In the first terminal, start your Django development server using `python manage.py runserver`.
In the second terminal, start the Celery worker using the command `celery -A async_project worker --loglevel=info`.
Finally, in the third terminal, start the Celery Beat scheduler using `celery -A async_project beat --loglevel=info`.
For testing purposes, the task has been set to run every 10 seconds. However, for production environments, it's recommended to set the task to run less frequently, such as weekly. Refer to the [Celery documentation](https://docs.celeryproject.org/en/stable/userguide/periodic-tasks.html) for guidance on production scheduling.
If everything is configured correctly, the database backups should be uploaded to your Dropbox account.
Likely Bugs and Issues
In this section, we discuss potential bugs or issues that might arise while running your Celery and Django setup. It's essential to anticipate and troubleshoot these common problems to ensure a smooth development experience.
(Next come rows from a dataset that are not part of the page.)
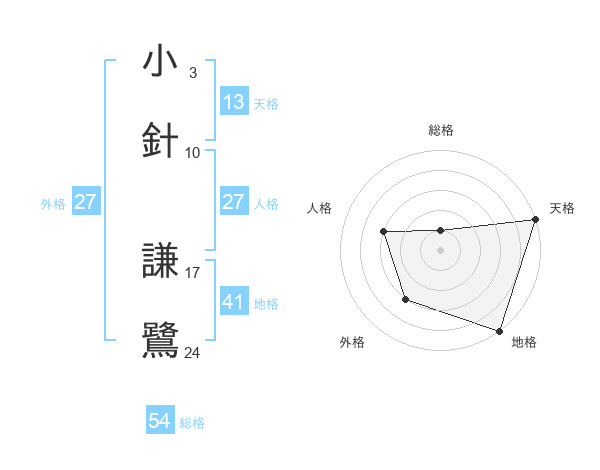 小針 謙鷺さんの総格は54画の1点!
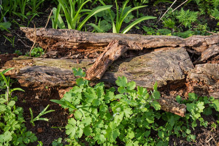 Remains of old mouldering cracked trunk of the withered tree lying on the ground among the young spring grass, background
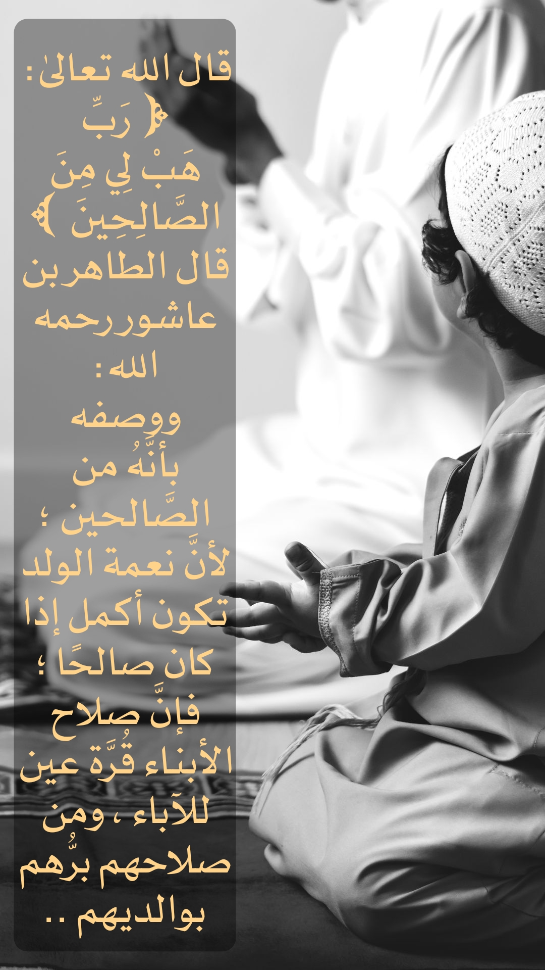 ﴿رَبِّ هَبْ لِي مِنَ الصَّالِحِينَ ﴾ • ووصفه بأنه من الصالحين ؛ لأن نعمة الولد تكون أكمل إذا كان صالحًا ؛ فإن صلاح الأبناء قرة عين للآباء ، ومن صلاحهم برّهم بوالديهم.

Proper environment configuration, managing external services like Redis and Dropbox, and handling Celery correctly are key to avoiding headaches during development.
- For windows users, ensure that the WSL environment is properly initiated by installing the necessary VS Code extensions, such as Remote WSL and Remote Explorer.
- If you change permissions in your [dropbox console](https://i.imgur.com/yHDLUt9.png), make sure to generate a new access token to reflect the updated permission settings.
- Ensure that Redis is running in the background, whether locally or via a cloud-hosted Redis server.
- Stop and respawn the Celery worker whenever changes are made to the codebase to ensure those changes are applied.
- If the Celery worker is being run on a Windows (not WSL) terminal, use the `--pool=solo` argument to avoid common issues with running Celery on Windows. Use the command: `celery -A your-application worker -l info --pool=solo`.